(Beginning of Recorded information)
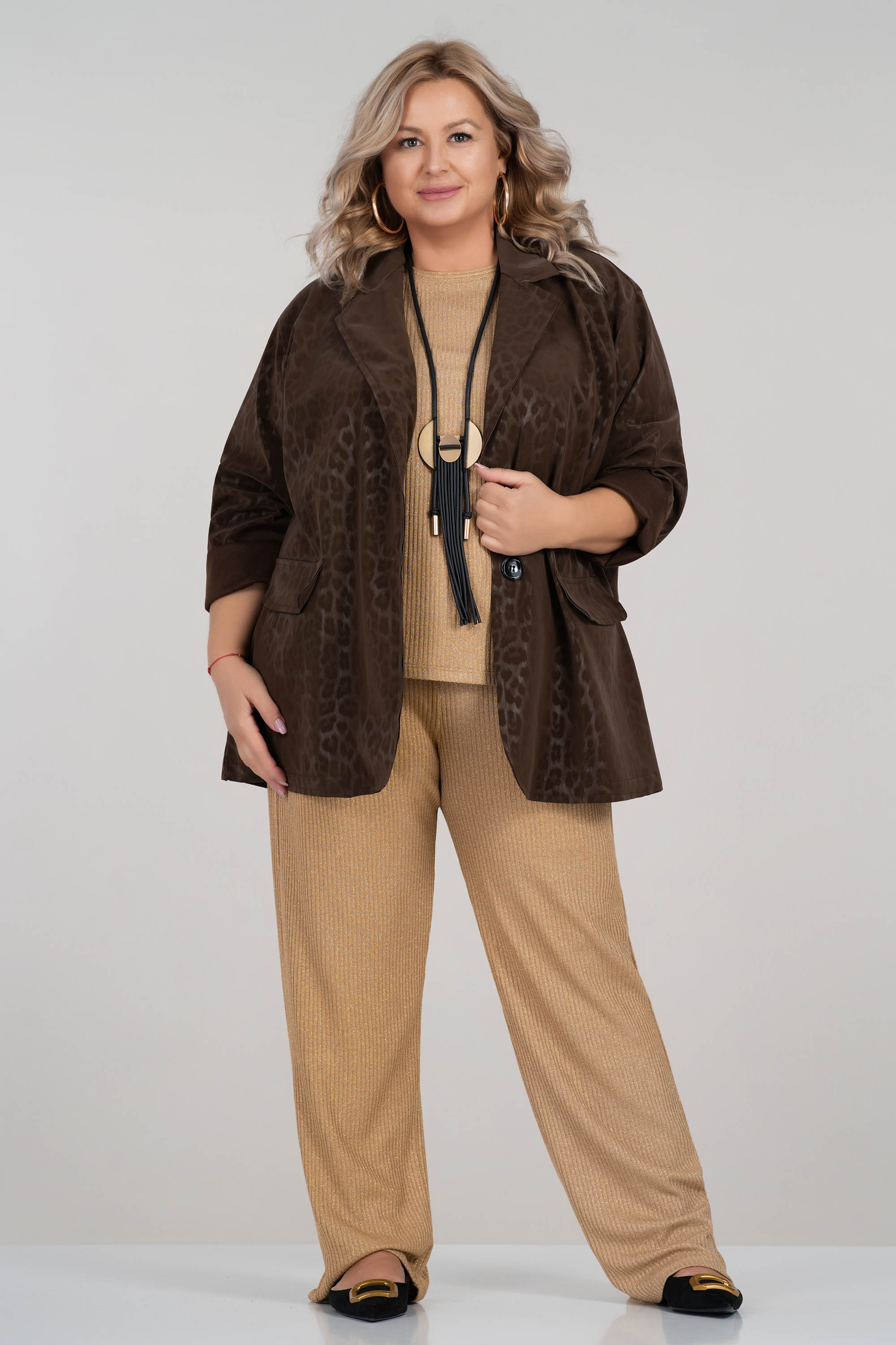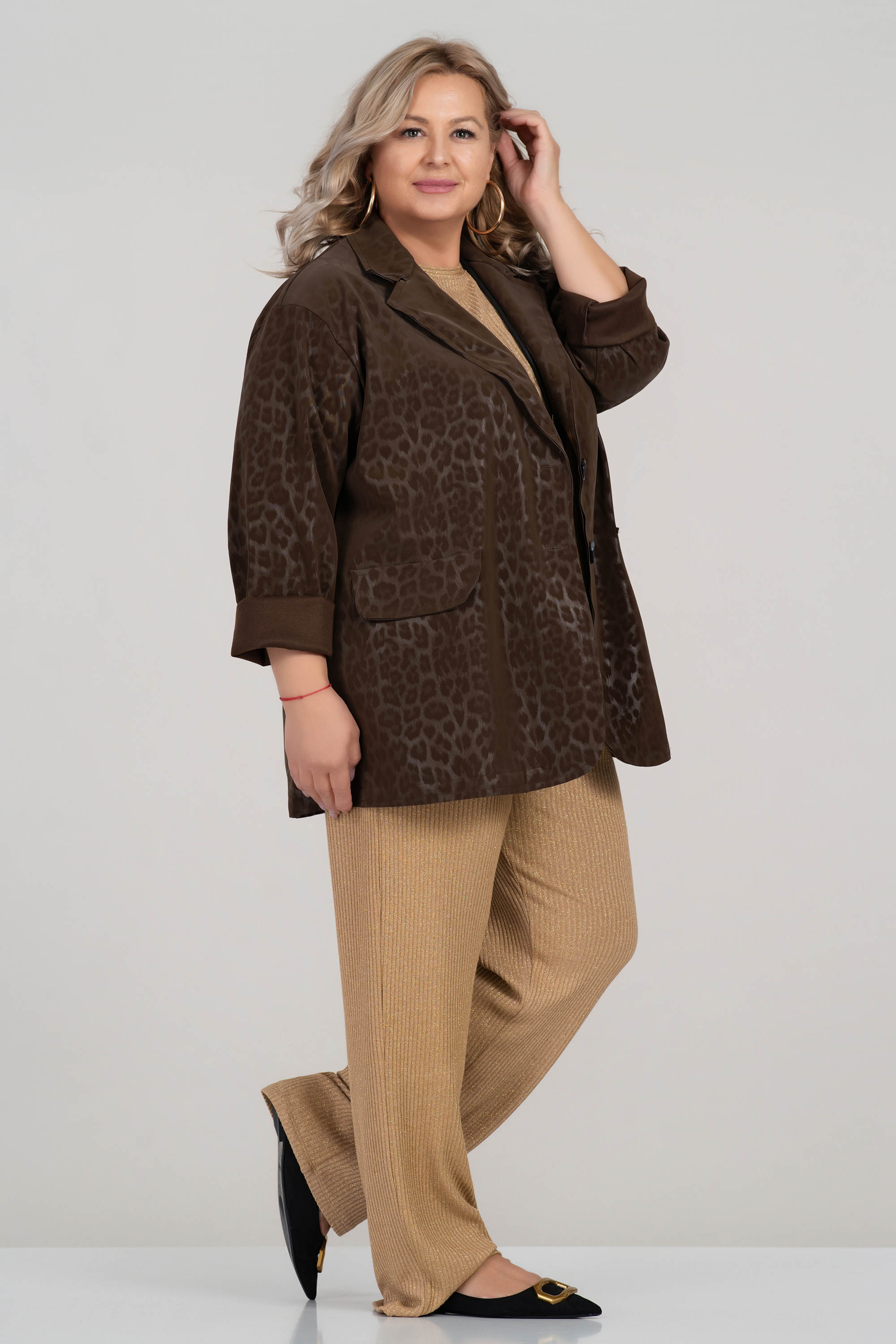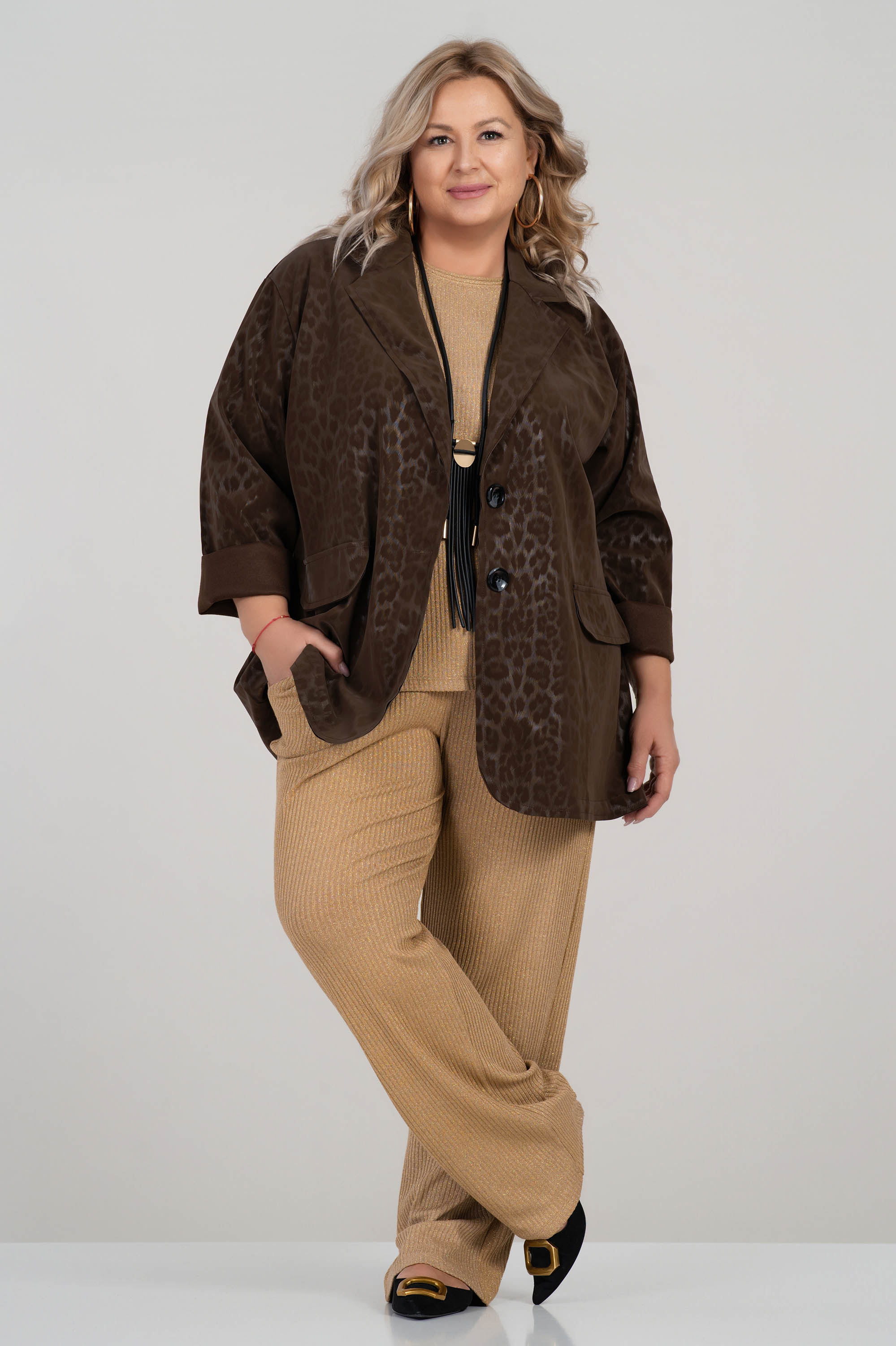 Елегантно макси сако в топъл кафяв нюанс с деликатен леопардов принт. Изработено е от мека вискозна материя с лек блясък, която пада красиво по тялото. Моделът е с класическа яка, две предни копчета и функционални джобове с капаци. Осигурява комфорт и стил, подходящо както за ежедневни, така и за по-официални визии.
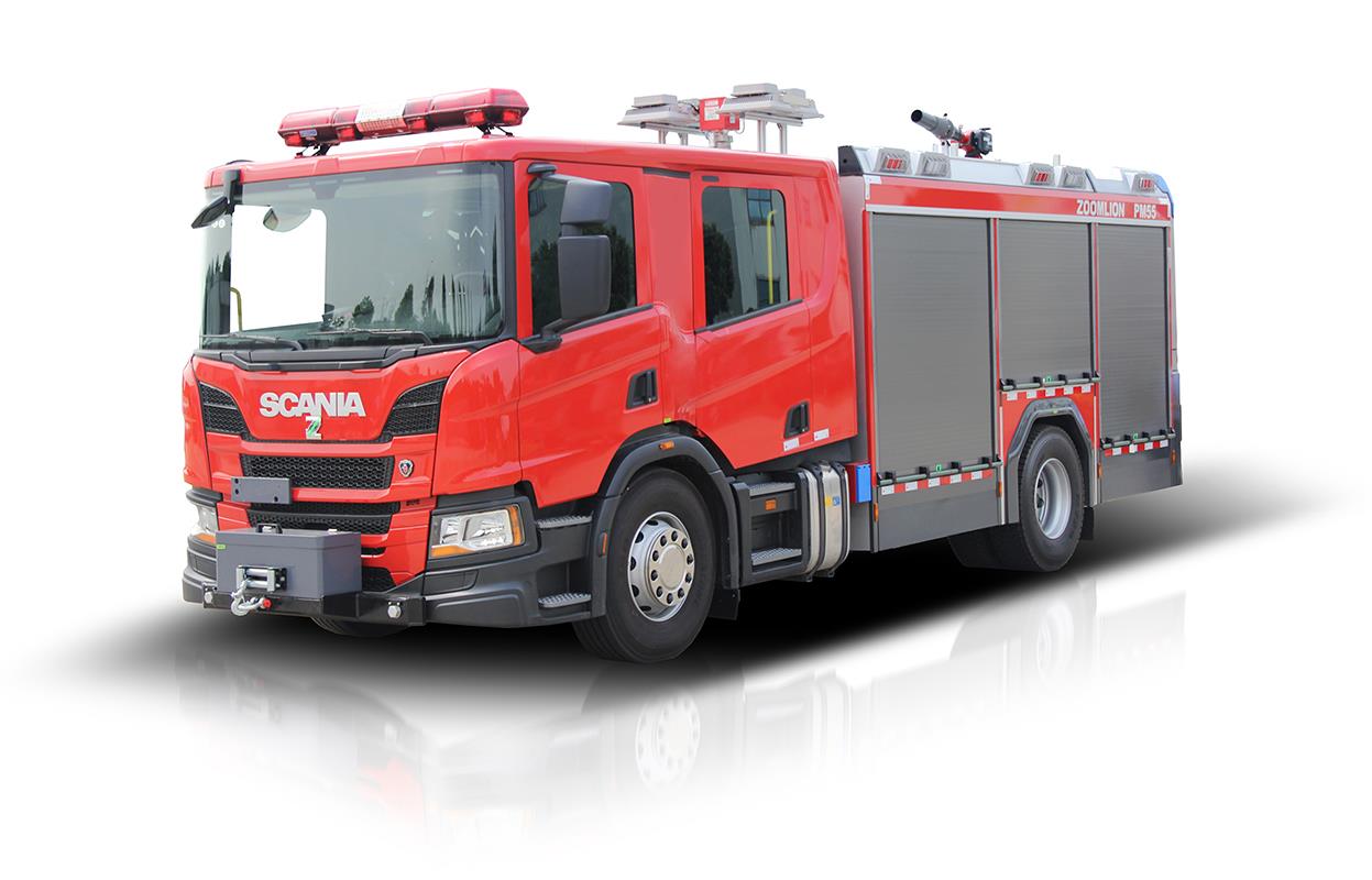 ? ? ? ?PM55城市主戰(zhàn)消防車采用原裝進(jìn)口斯堪尼亞P410改裝, 底盤作為車輛主要組成部分,除了行駛時承載以外,還是上裝部分的載體,同時為滅火系統(tǒng)正常工作,可靠、平穩(wěn)地傳遞動力。容罐作為車輛的基礎(chǔ)件,用于裝載水及泡沫滅火劑。滅火系統(tǒng)由消防泵、泡沫混合系統(tǒng)、消防炮及管路、閥門等組成。為適應(yīng)消防滅火實(shí)戰(zhàn)需要,該車既可以使用車頂消防炮滅火,也可以使用水帶連接直流、開花水槍或泡沫槍進(jìn)行滅火;同時可以利用車上攜帶發(fā)電照明系統(tǒng)對救援現(xiàn)場提供電力保障和照明;車輛還隨車攜帶了大量搶險救援器材用于搶險救援工作。
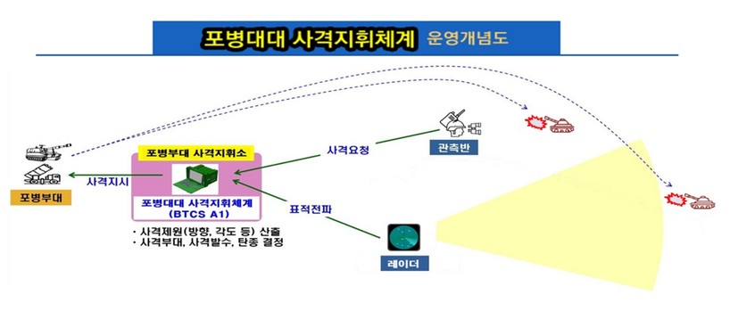 | ▲ 포병대대 사격지휘체계(BTCS) 운영 개념도. (사진=방위사업청) |
(End of Recorded information)
» Task objective: Could you give the listing again exactly as it stands, minus any pictures?

» Answer area:
 Елегантно макси сако в топъл кафяв нюанс с деликатен леопардов принт. Изработено е от мека вискозна материя с лек блясък, която пада красиво по тялото. Моделът е с класическа яка, две предни копчета и функционални джобове с капаци. Осигурява комфорт и стил, подходящо както за ежедневни, така и за по-официални визии.
 ? ? ? ?PM55城市主戰(zhàn)消防車采用原裝進(jìn)口斯堪尼亞P410改裝, 底盤作為車輛主要組成部分,除了行駛時承載以外,還是上裝部分的載體,同時為滅火系統(tǒng)正常工作,可靠、平穩(wěn)地傳遞動力。容罐作為車輛的基礎(chǔ)件,用于裝載水及泡沫滅火劑。滅火系統(tǒng)由消防泵、泡沫混合系統(tǒng)、消防炮及管路、閥門等組成。為適應(yīng)消防滅火實(shí)戰(zhàn)需要,該車既可以使用車頂消防炮滅火,也可以使用水帶連接直流、開花水槍或泡沫槍進(jìn)行滅火;同時可以利用車上攜帶發(fā)電照明系統(tǒng)對救援現(xiàn)場提供電力保障和照明;車輛還隨車攜帶了大量搶險救援器材用于搶險救援工作。
 | ▲ 포병대대 사격지휘체계(BTCS) 운영 개념도. (사진=방위사업청) |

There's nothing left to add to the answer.